* **Task prompt**
Restate, word for word and with no pictures, the stretch of lines in the data below that begins at the line with "LVUPで威力上昇 ダメージはたまに抵抗される |" and ends at the line with "Для установки ОС", inclusive.

* **Stored records**
****************

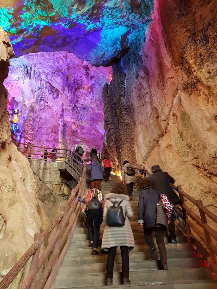 구향동굴은 1984년에 발견되었고 1994년에 국가지정 풍경명승구로 지정되었으며, 총 66개의 동굴 중 일부만 관광객에게 공개하고 있으며 관람객을 압도하는 웅장한 카르스트 지형이 매력적이다. 동굴은 협곡 구간, 동굴 구간, 로프웨이 구간으로 나뉘는데, 1km의 협곡 구간은 음취협(蔭翠峽)이라고 하며 엘리베이터를 타고 아래로 이동한 뒤 배를 이용하여 구경하는 코스이다. 그런데 애석하게도 지금은 배를 이용할 수 없는 기간이라 하여 부득이 걸어서 협곡 구간과 동굴 구간을 볼 수밖에 없었다. 동굴 구간 안에는 석순과 종유석이 가득하며 곳곳에 화려한 색채의 조명으로 눈이 부실 지경이었다. 세찬 수압으로 높이 30m에서 떨어져 내리는 자웅폭포(雌雄瀑布)와 자연적으로 형성되었다는 계단식 논 모양의 신전(神田)은 보는 이의 탄성을 자아낼 정도였다.
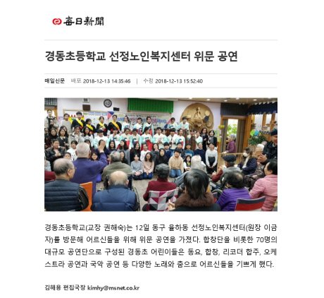 18.12.13경동초등학교 선정노인복지센터 위문 공연
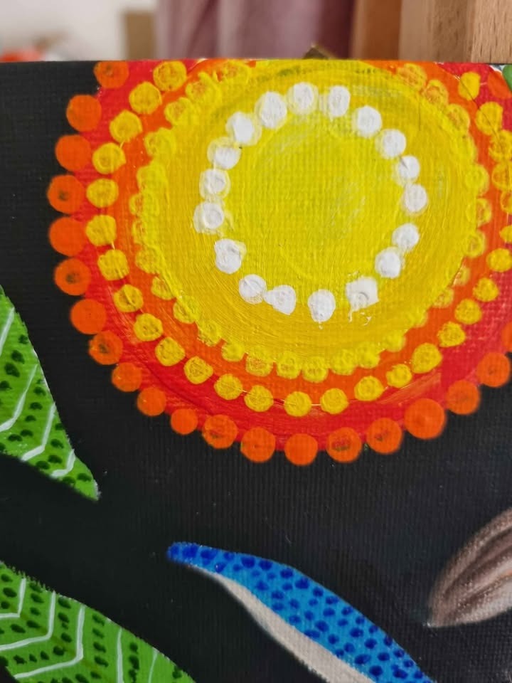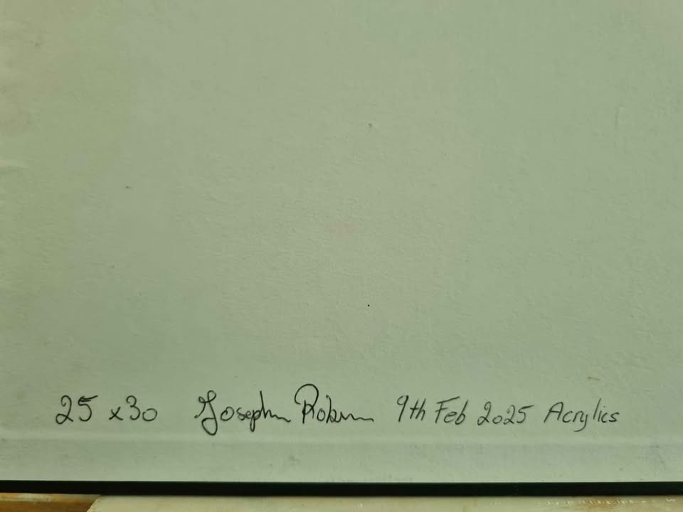 Acrylic on black canvas board , hand painted NOT print Josephine Robinson ready to hang , sealed with Atelier varnish framed ready to hang
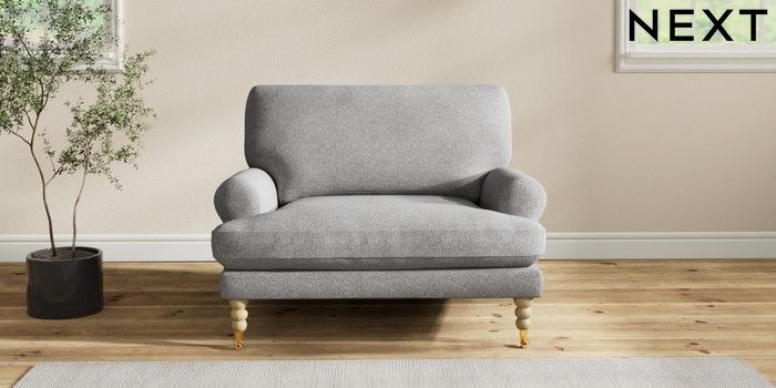 7.2.10 Erin Deep Relaxed Sit Snuggle Studio Chenille Mid Grey High Classic Turned Brass Castor - Light | Made Click here to use our website with more accessibility support, for example screen readers
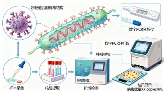 二、如何判断呼吸道合胞病毒 临床表现 早期症状(1-3 天):与普通感冒相似 流鼻涕、咳嗽、发热、食欲下降 进展期典型症状(4-8 天):需警惕病情加重 呼吸急促 咳嗽、喘息加重 鼻翼煽动,呼吸时三凹征(锁骨/肋骨/胸骨窝吸气凹陷) 婴儿出现喂养困难 特别提醒:6 个月以下婴儿症状易隐蔽,可能不出现咳嗽、发热,仅表现为嗜睡、烦躁、喂养困难,甚至呼吸暂停,需家长格外留意
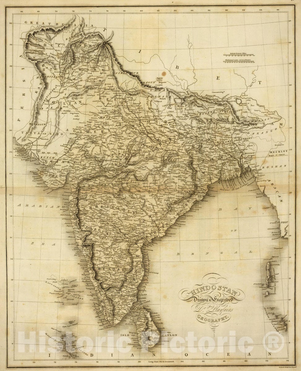 Historic Map : India; Pakistan, Southwest Asia 1814 Indostan. , Vintage Wall Art
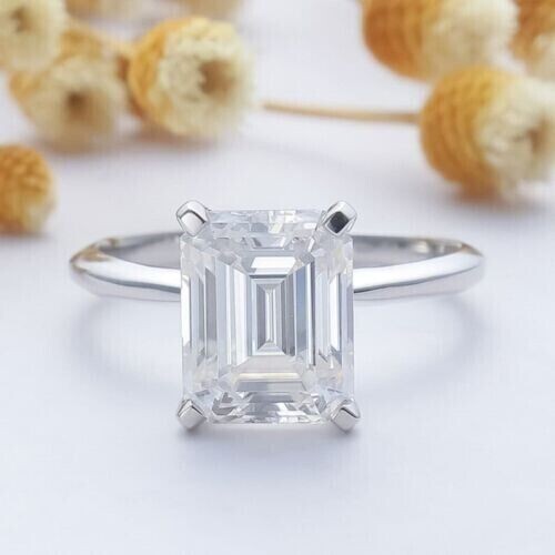 как выглядит 2Ct Emerald Cut Lab Created Diamond Women Engagement Ring 14K White Gold Plated фото
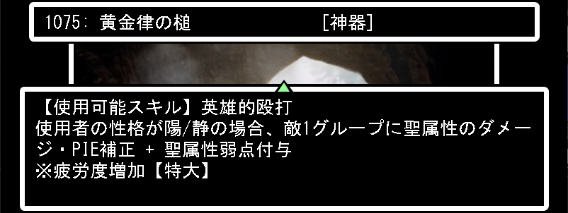 | スキル「英雄的殴打」 敵グループに5~40+PIE×2の聖属性ダメージ+聖属性弱点付与(3T) LVUPで威力上昇 ダメージはたまに抵抗される |
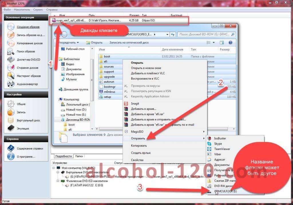 Для установки ОС все чаще используют не болванку а флэшку с записанной на нее системой. Операцию записи можно произвести и с помощью утилиты Alcohol 120%, но стоит сразу предупредить, что проще всего воспользоваться специальной утилитой – UltraIso.
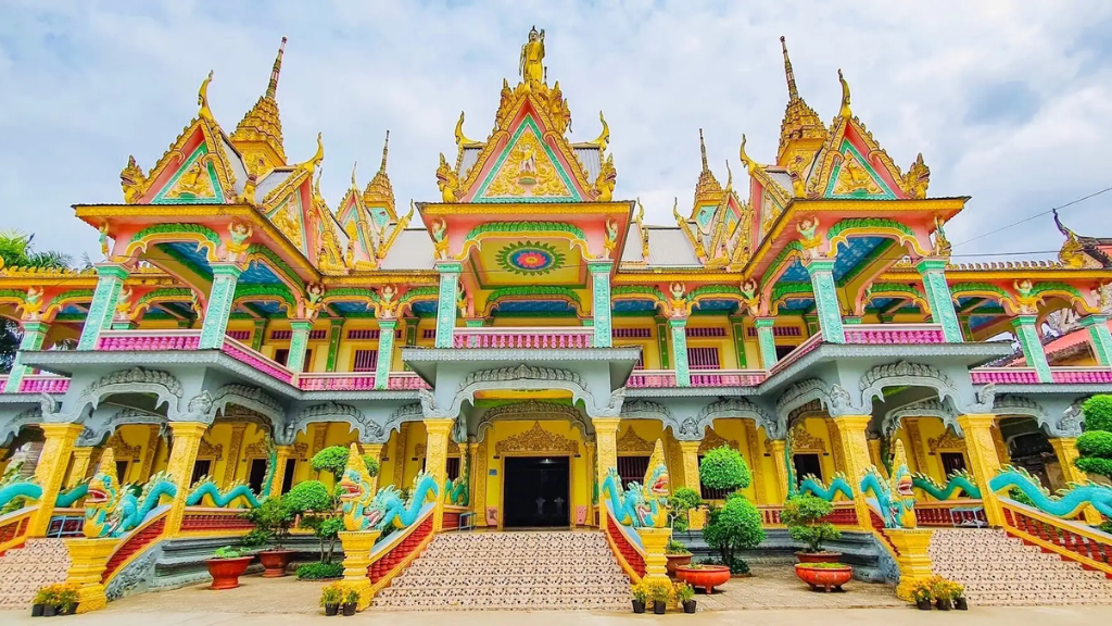 Đến Sóc Trăng quý khách tham quan ngôi chùa SomRong – Chùa tượng Phật nằm lớn nhất Việt Nam mang kiến trúc nổi tiếng của người Khmer.

****************

* **Response area**
 | スキル「英雄的殴打」 敵グループに5~40+PIE×2の聖属性ダメージ+聖属性弱点付与(3T) LVUPで威力上昇 ダメージはたまに抵抗される |
 Для установки ОС все чаще используют не болванку а флэшку с записанной на нее системой. Операцию записи можно произвести и с помощью утилиты Alcohol 120%, но стоит сразу предупредить, что проще всего воспользоваться специальной утилитой – UltraIso.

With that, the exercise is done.